Tabcandy continues to be accessible via each window, however Tabcandy should show all tabs. This allows a number of beneficial features:

* Never lose a tab (search works through all open tabs and groups)
* Similarly, without this tabs become very hard-to-find when multiple windows are used (window --> group --> tab) is a lot to keep in your head.
* Windows become a view-port into your browsing session. Switching entire tab groups becomes trivial.

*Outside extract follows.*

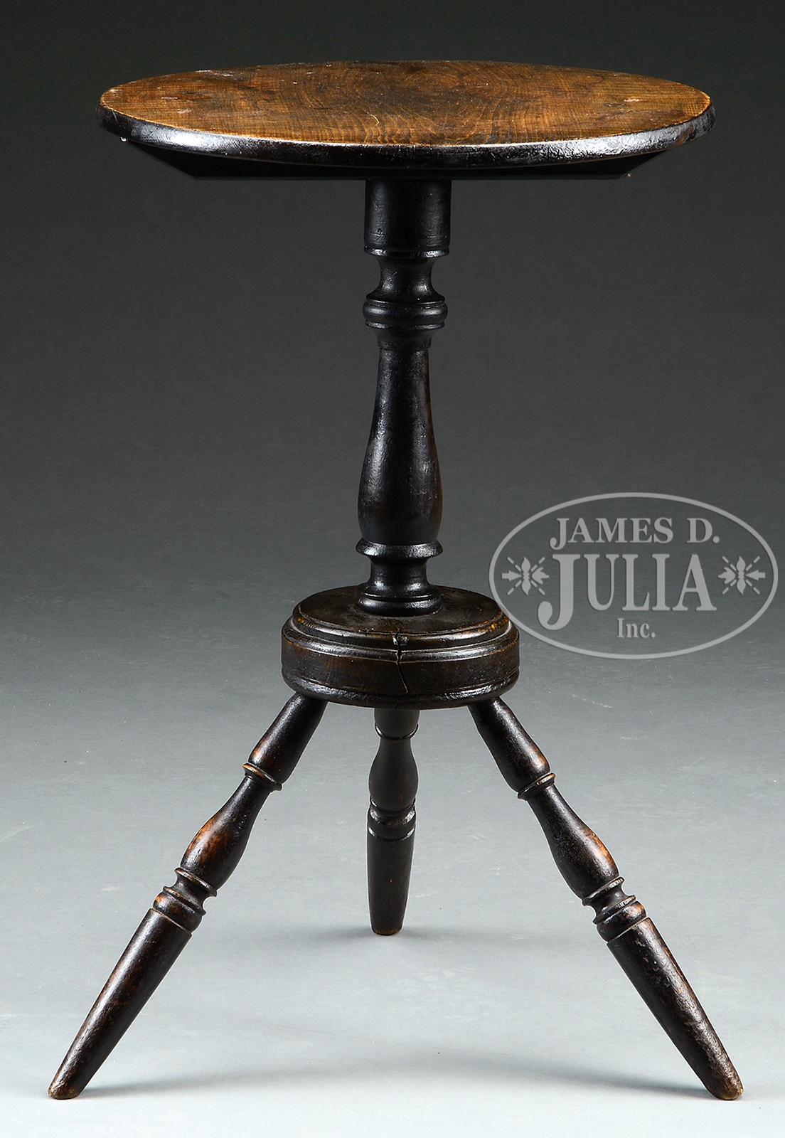 SUPERB, VERY RARE & IMPORTANT WINDSOR TRIPOD CANDLESTAND.Circa late 18th century, CT. Tiger maple, chestnut, maple. Early crusty varnished surface over original black paint. The scrubbed top of boldly figured tiger maple with beveled edge, affixed to thick, beveled end, chamfered edge maple cleat, turned maple vase, ring & reel column, mortise joined to ring turned chestnut circular platform, and well turned vase, ring & reel raked legs with long tapering feet. SIZE: Top 17-1/2″ x 18″ x 28″ t. CONDITION: Very good condition, early chip loss and age drying crack to circular platform, crack in cleat glue repaired, cleat screws in-use old replacements, minor age appropriate abrasions. 9-96598 (2,000-5,000) – Lot 1358

There are a number of issues that arise that we need to spec:

* Are two different Tabcandy instances kept in sync. When you drag in one, does the group move in the other?
* What happens if you open the same group in two windows at the same time?
* What happens if you try to open the same tab in two windows at the same time. A lot of this will be potentially solved by app tabs.

Full spec to come.
Blocks: 577322
Assignee: nobody → aza
Depends on: 580952
Mass moving all Tab Candy bugs from Mozilla Labs to Firefox::Tab Candy.  Filter the bugmail spam with "tabcandymassmove".
Product: Mozilla Labs → Firefox
Target Milestone: -- → ---
Version: unspecified → Trunk
I dunno where the full spec ended up, but I just proposed something very similar in d-a-f: http://groups.google.com/group/mozilla.dev.apps.firefox/browse_thread/thread/00c8b6d46336c279#

It may nonetheless be a good idea.
Depends on: 583414
Target Milestone: --- → Firefox 4.0b5
I haven't uploaded the full specification yet, unfortunately. It is mostly finished in my local version, though. I will put it up shortly.
Requesting blocking, for the benefits enumerated in comment #0. Without this, the utility of the feature is significantly hampered.
blocking2.0: --- → ?
QA Contact: tabcandy → tabcandy
Blocks: 587874
Blocks: 587676
Blocks: 588526
Blocks: 588899
blocking2.0: ? → beta5+
I'm working on the (rather major) code refactor that makes this possible. Creating new tab and group JavaScript modules that communicate with the various Tab Candy frames (one frame for each window).
Blocks: 588217
Aza. 
I have an idea, which actually come from your introduction video of Tab Candy. 

Idea: 
If user has 1 window. Tab Groups appear like the current behavior. 
If user has X windows. Tab Groups will be grouped according to their Window. 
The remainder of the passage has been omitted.